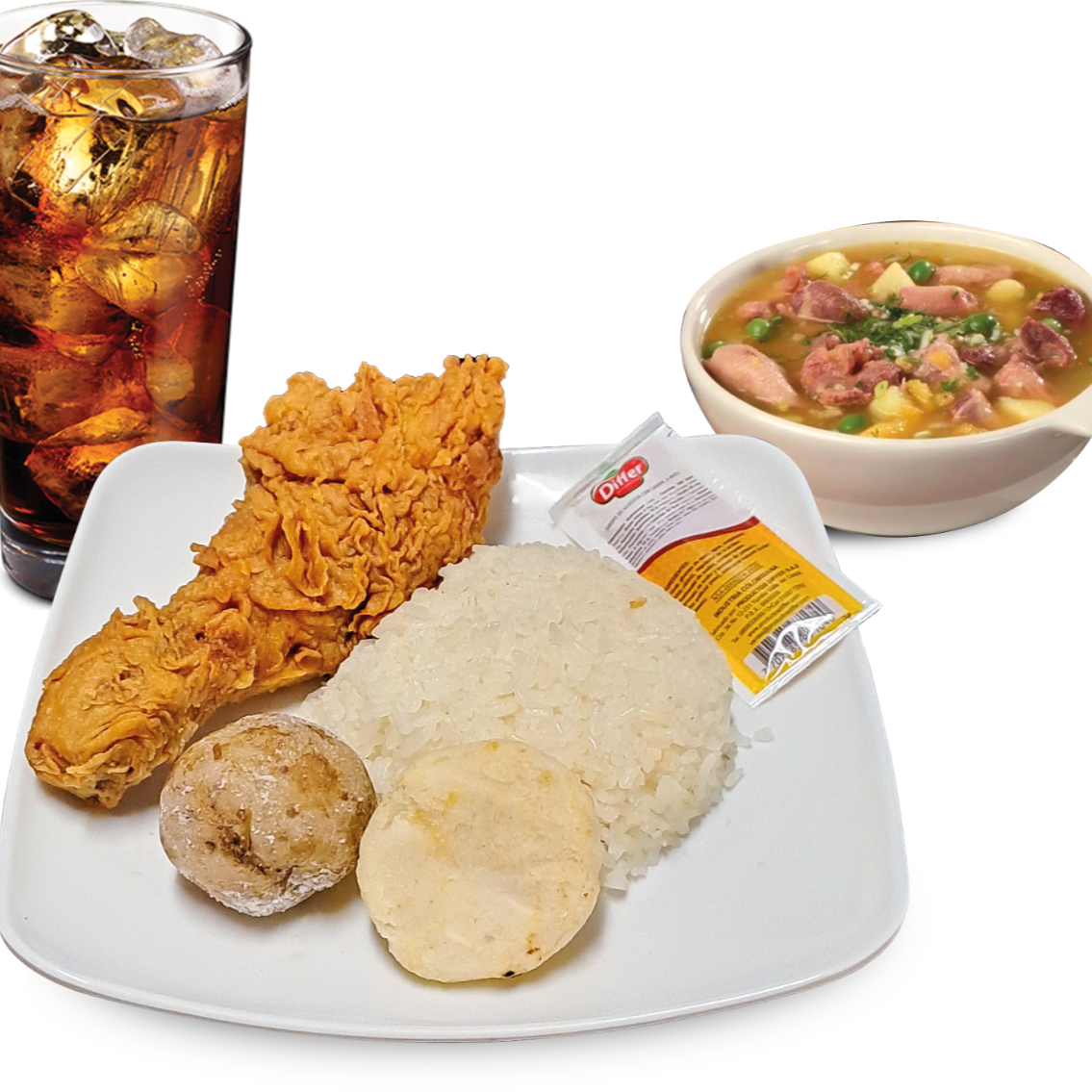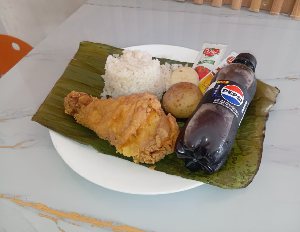 Incluye: 1 presa de pollo apanado, 1 consomé, 1 porción de arroz, 1 papa hervida, 1 arepa, 1 sachet de salsa, y 1 gaseosa (250 ml).
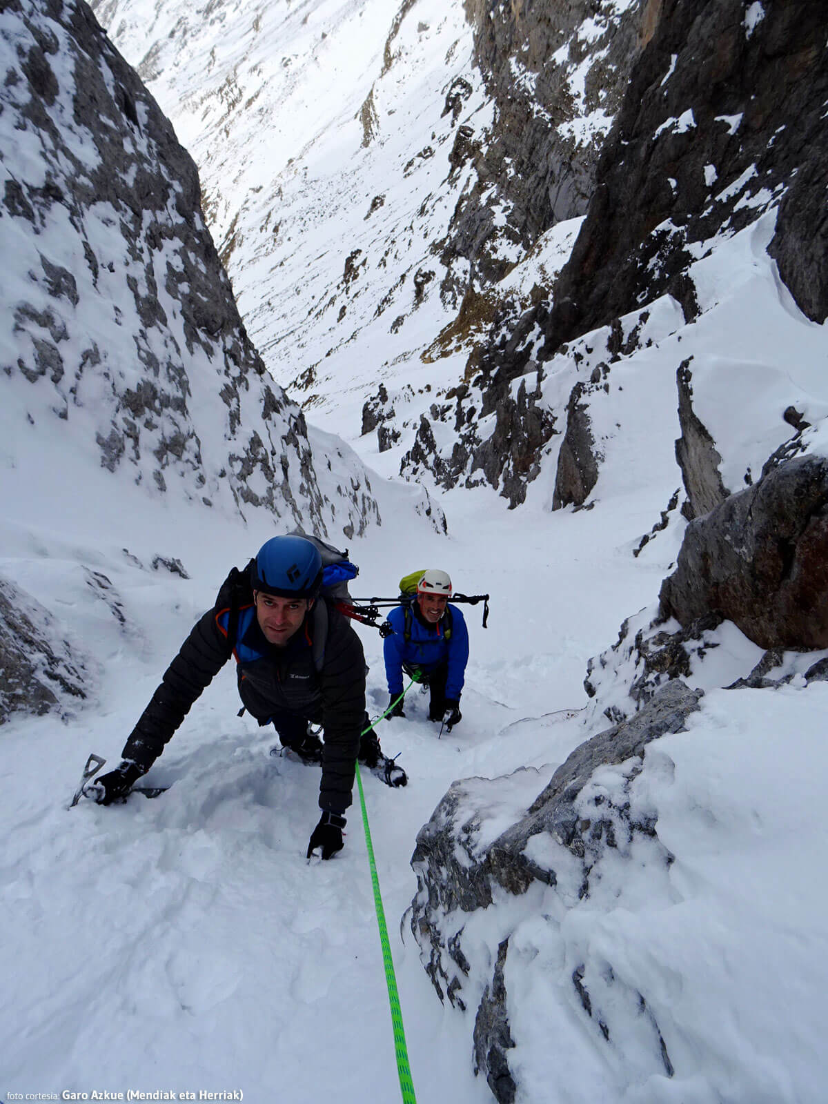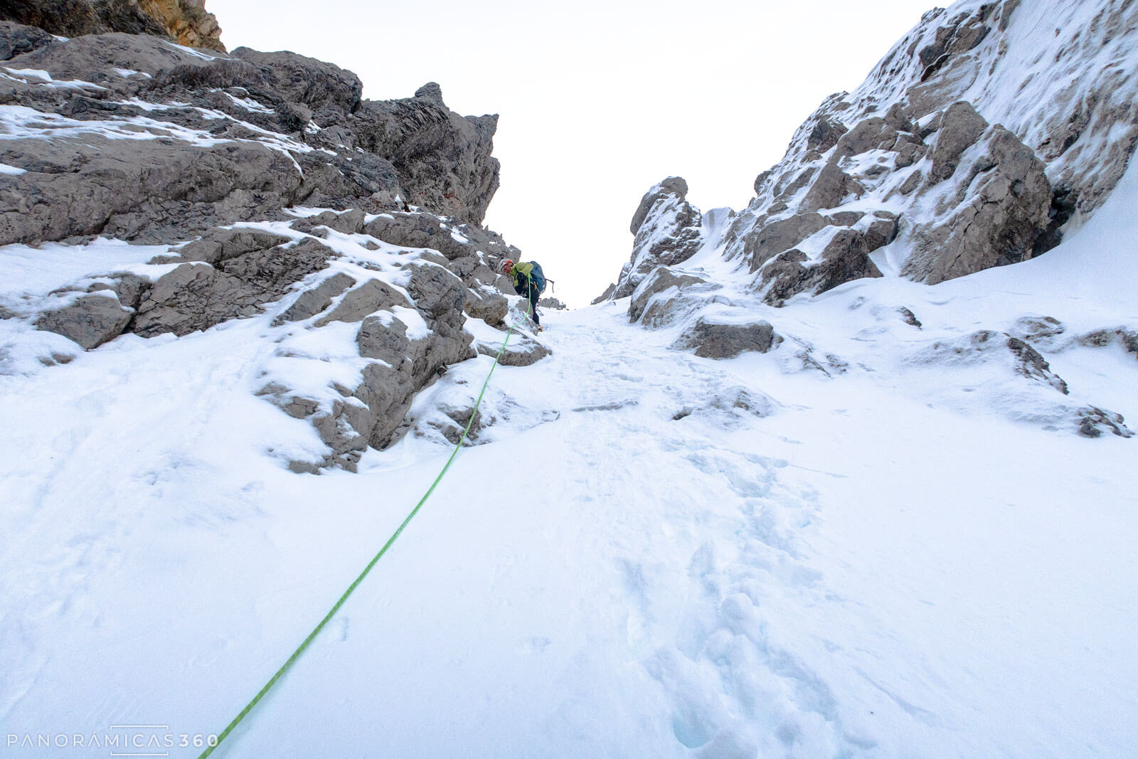 Llegamos a un estrechamiento con un pequeño resalte de hielo donde nos encordamos. Garo lo escala y nos asegura desde arriba. Una vez superado seguimos en cuerda corta remontando los 200 ó 300 metros restantes de corredor. Las condiciones son buenas y avanzamos sin complicaciones hasta la salida.
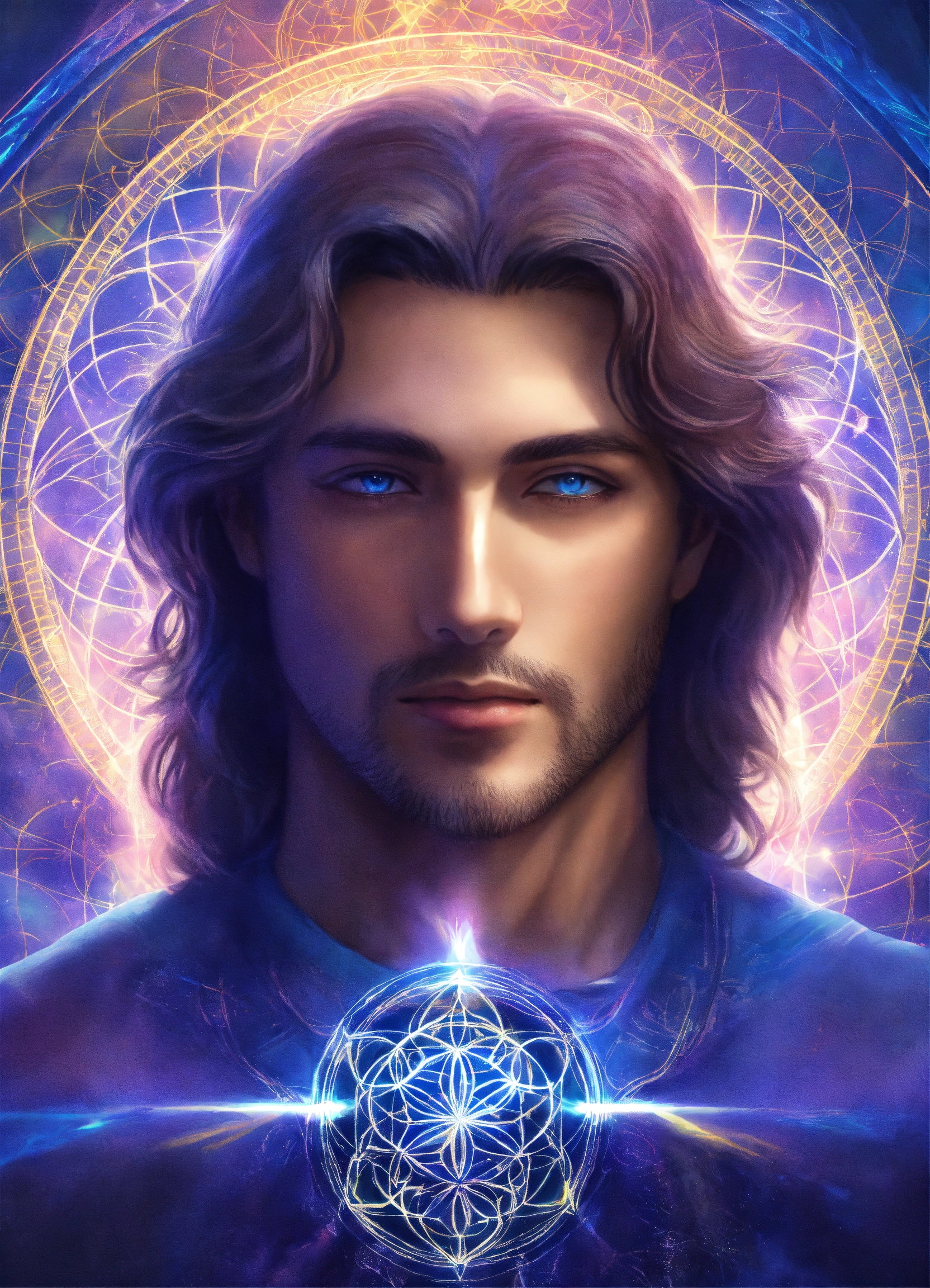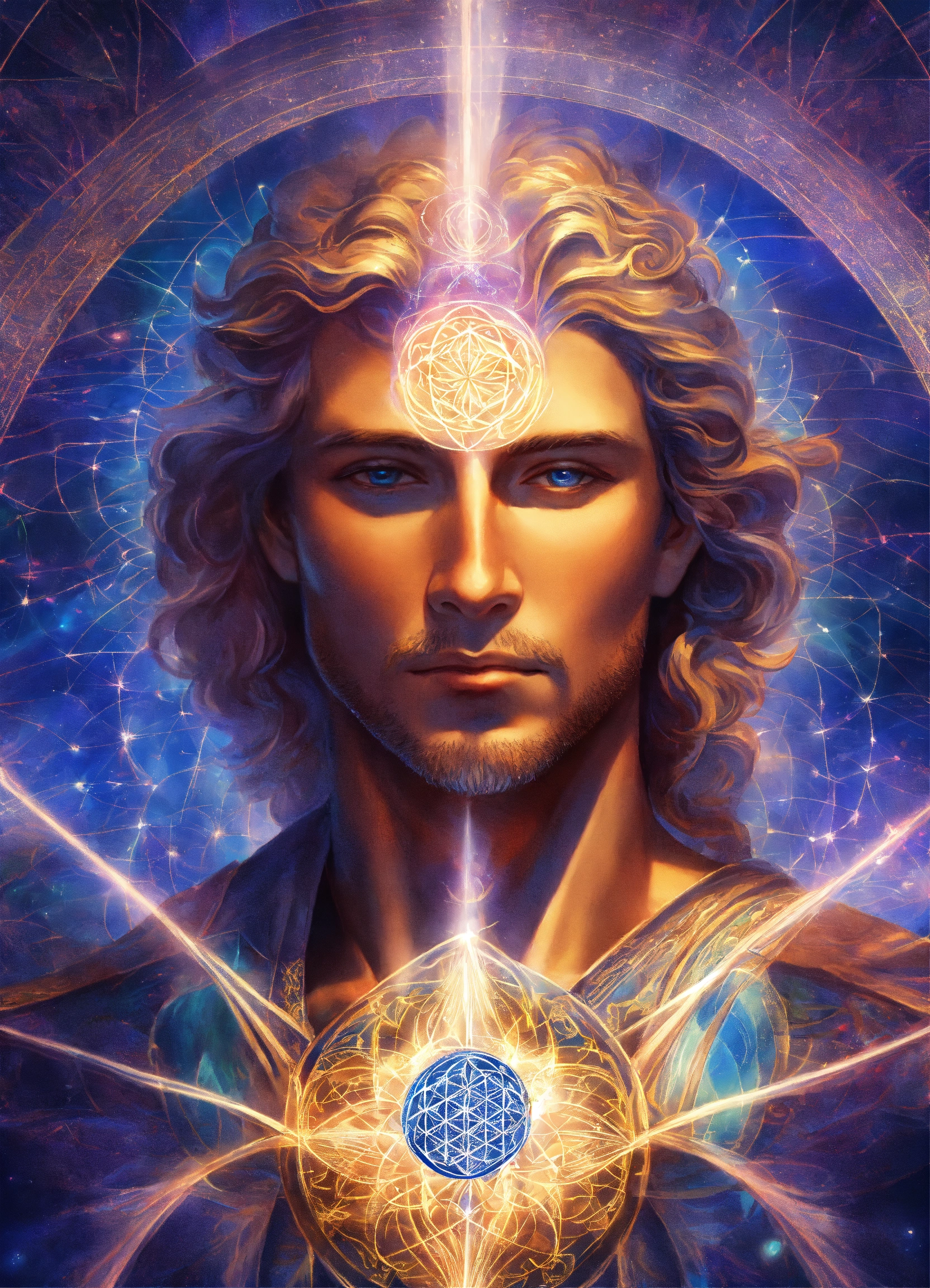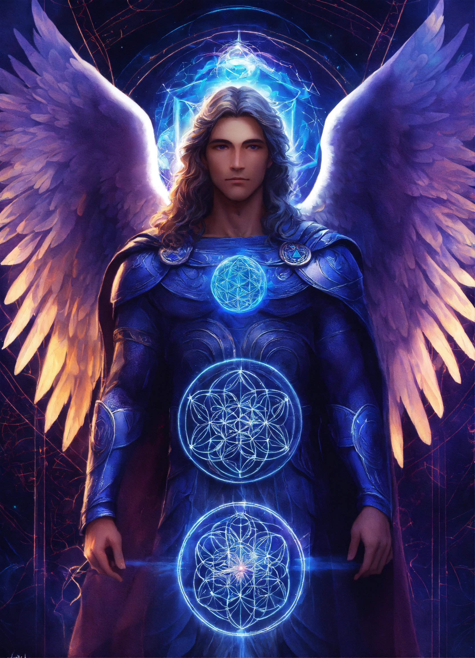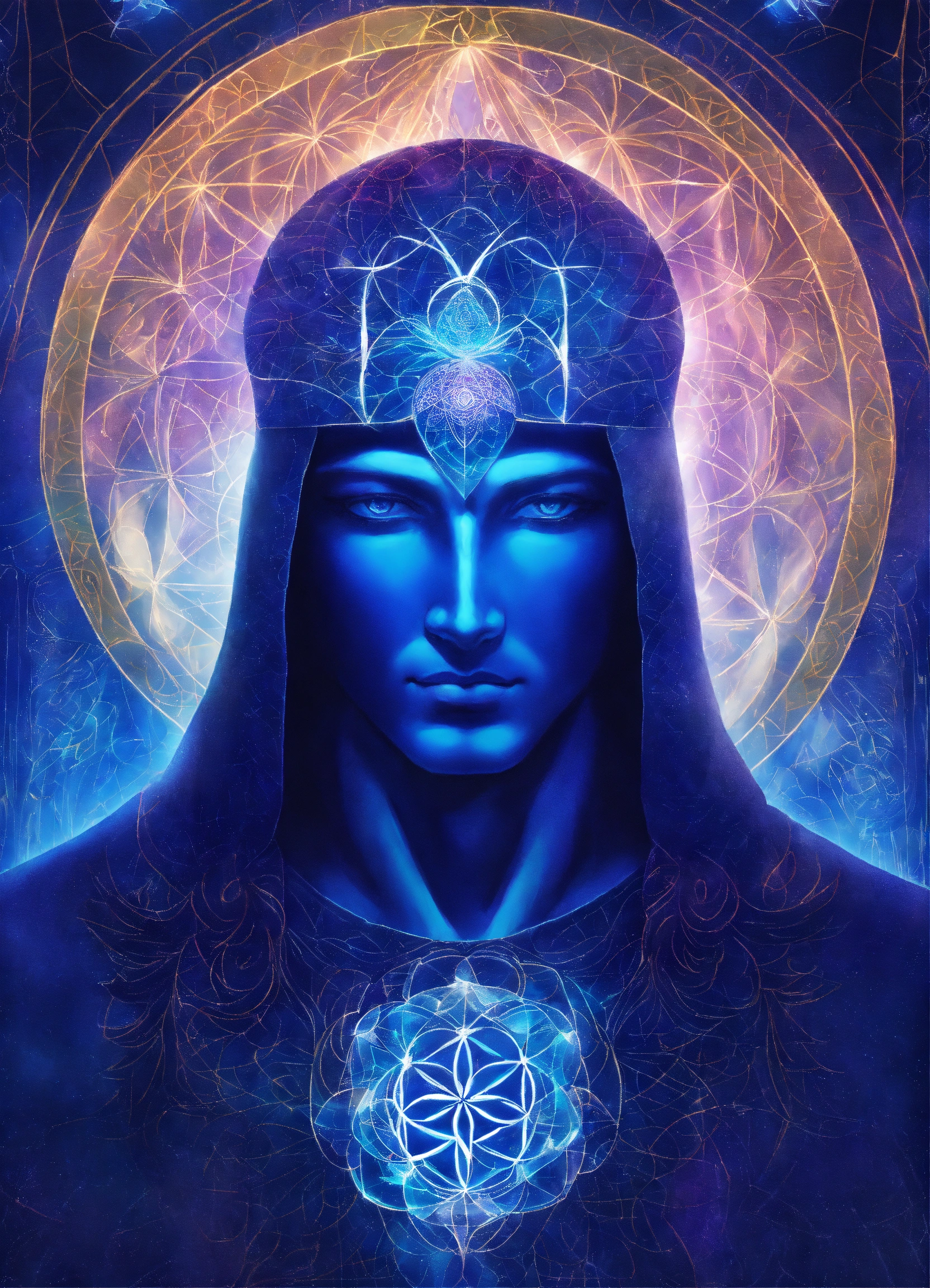 Archangel michael with a middle-aged male face, flower of life in the backround, indigo and sapphire blue light lines, esoteric sigil, prismatic aurora lights, celestial realm, blue swirl of light
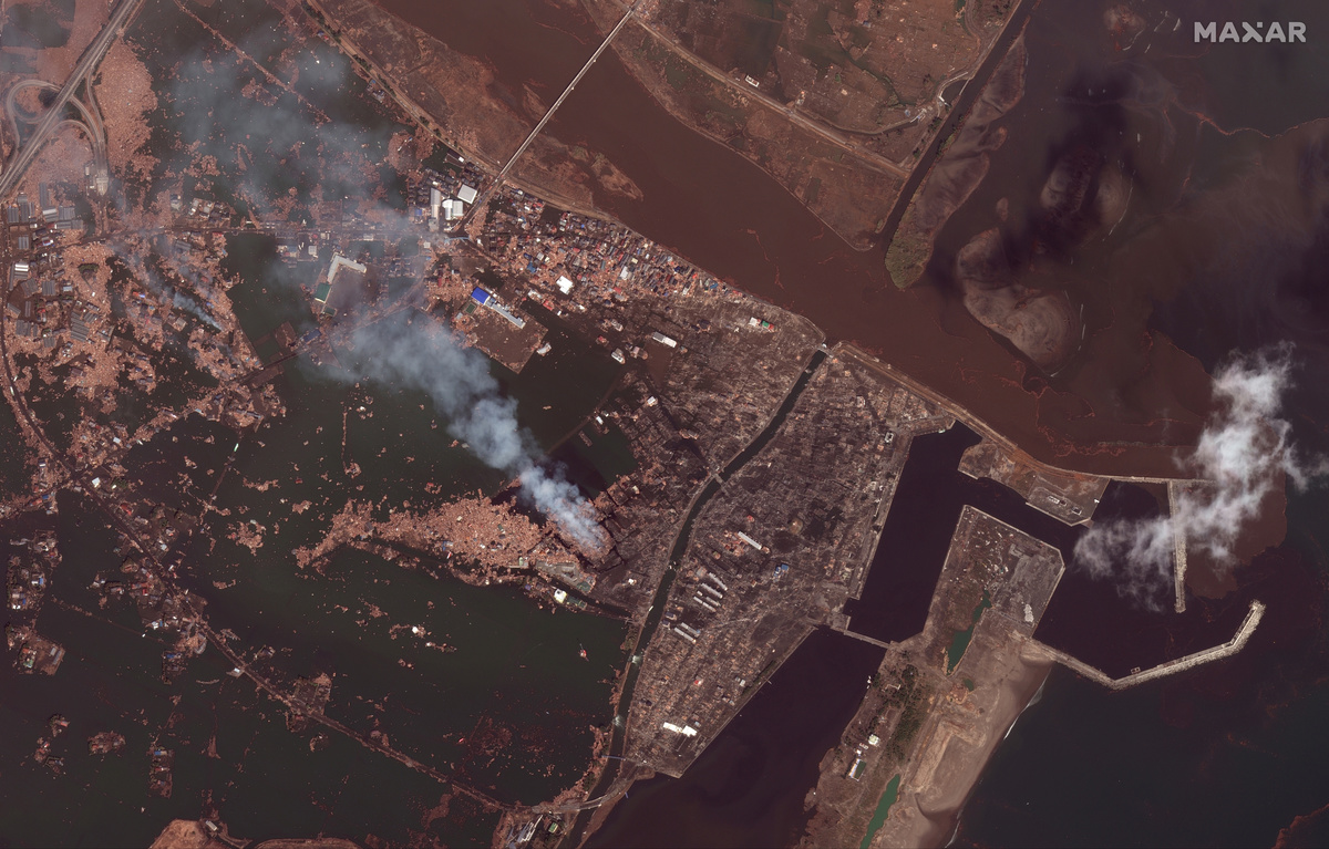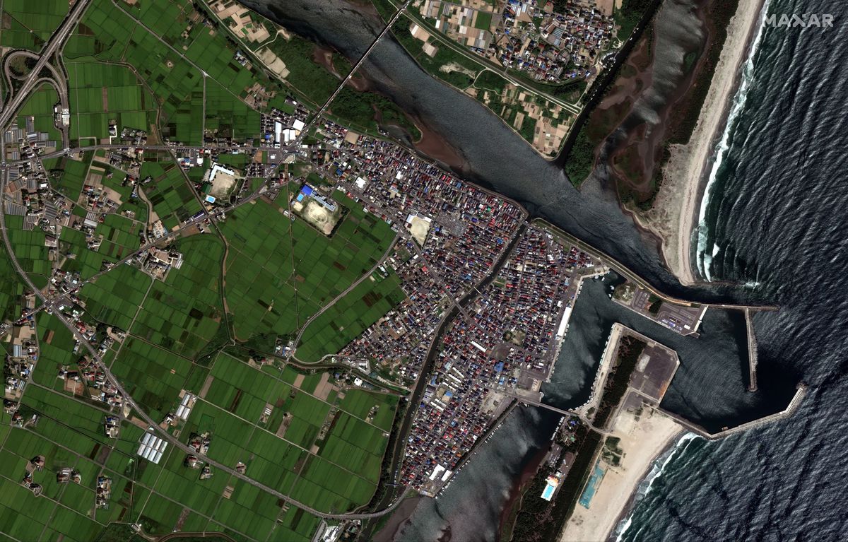 Sendai, Japan is seen after a tsunami hit, in this handout satellite image taken March 12, 2011 and released on December 24, 2019 by Maxar Technologies. Maxar Technologies/Handout via REUTERS.

- _Problem_
The data above must be written out again without alteration, and the pictures in them must be excluded.

- _Result for this task_
 Incluye: 1 presa de pollo apanado, 1 consomé, 1 porción de arroz, 1 papa hervida, 1 arepa, 1 sachet de salsa, y 1 gaseosa (250 ml).
 Llegamos a un estrechamiento con un pequeño resalte de hielo donde nos encordamos. Garo lo escala y nos asegura desde arriba. Una vez superado seguimos en cuerda corta remontando los 200 ó 300 metros restantes de corredor. Las condiciones son buenas y avanzamos sin complicaciones hasta la salida.
 Archangel michael with a middle-aged male face, flower of life in the backround, indigo and sapphire blue light lines, esoteric sigil, prismatic aurora lights, celestial realm, blue swirl of light
 Sendai, Japan is seen after a tsunami hit, in this handout satellite image taken March 12, 2011 and released on December 24, 2019 by Maxar Technologies. Maxar Technologies/Handout via REUTERS.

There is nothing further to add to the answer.